Data records =>

• • • • •

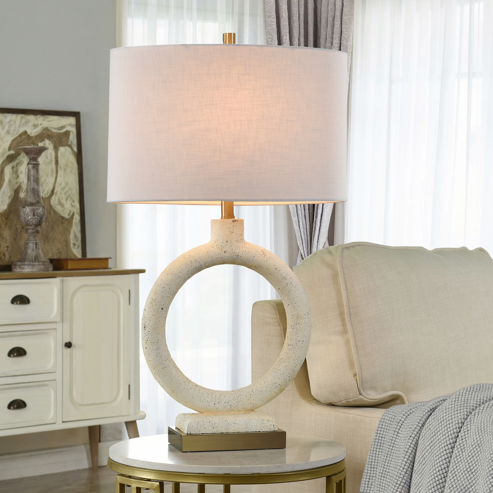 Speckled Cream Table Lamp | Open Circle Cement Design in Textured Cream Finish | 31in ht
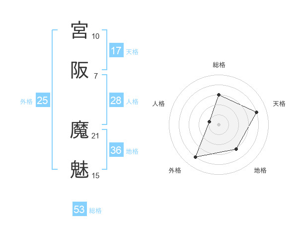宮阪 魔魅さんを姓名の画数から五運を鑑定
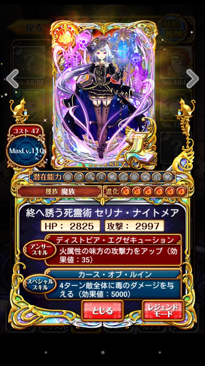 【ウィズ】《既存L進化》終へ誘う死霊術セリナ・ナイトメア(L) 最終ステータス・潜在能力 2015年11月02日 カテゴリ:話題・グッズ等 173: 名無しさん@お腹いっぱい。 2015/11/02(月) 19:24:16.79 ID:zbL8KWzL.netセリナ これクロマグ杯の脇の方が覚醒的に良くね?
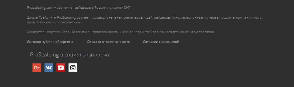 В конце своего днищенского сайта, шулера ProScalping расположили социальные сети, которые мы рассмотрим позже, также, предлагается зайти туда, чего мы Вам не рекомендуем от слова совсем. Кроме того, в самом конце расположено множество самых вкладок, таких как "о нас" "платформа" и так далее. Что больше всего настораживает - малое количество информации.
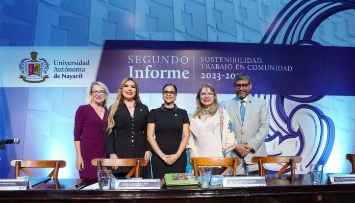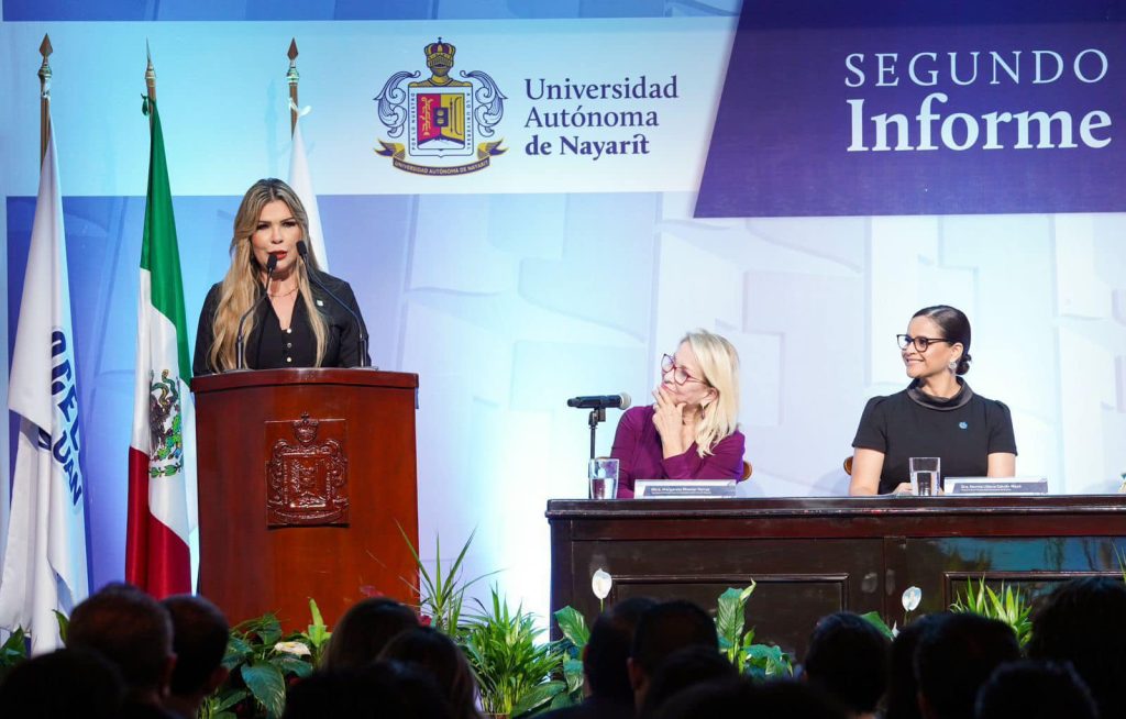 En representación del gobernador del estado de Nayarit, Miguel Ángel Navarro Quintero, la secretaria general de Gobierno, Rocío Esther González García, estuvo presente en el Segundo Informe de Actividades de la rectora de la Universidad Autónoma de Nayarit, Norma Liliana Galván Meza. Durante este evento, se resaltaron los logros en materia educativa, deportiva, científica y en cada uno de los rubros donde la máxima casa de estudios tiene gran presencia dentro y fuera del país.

• • • • •

ACTION ITEM =>
When you transcribe the entries above, begin at their first line, end with the line containing "19:24:16.79 ID:zbL8KWzL.netセリナ これクロマグ杯の脇の方が覚醒的に良くね?", and copy each line exactly without any picture.

SOLUTION TO THIS TASK =>
 Speckled Cream Table Lamp | Open Circle Cement Design in Textured Cream Finish | 31in ht
宮阪 魔魅さんを姓名の画数から五運を鑑定
 【ウィズ】《既存L進化》終へ誘う死霊術セリナ・ナイトメア(L) 最終ステータス・潜在能力 2015年11月02日 カテゴリ:話題・グッズ等 173: 名無しさん@お腹いっぱい。 2015/11/02(月) 19:24:16.79 ID:zbL8KWzL.netセリナ これクロマグ杯の脇の方が覚醒的に良くね?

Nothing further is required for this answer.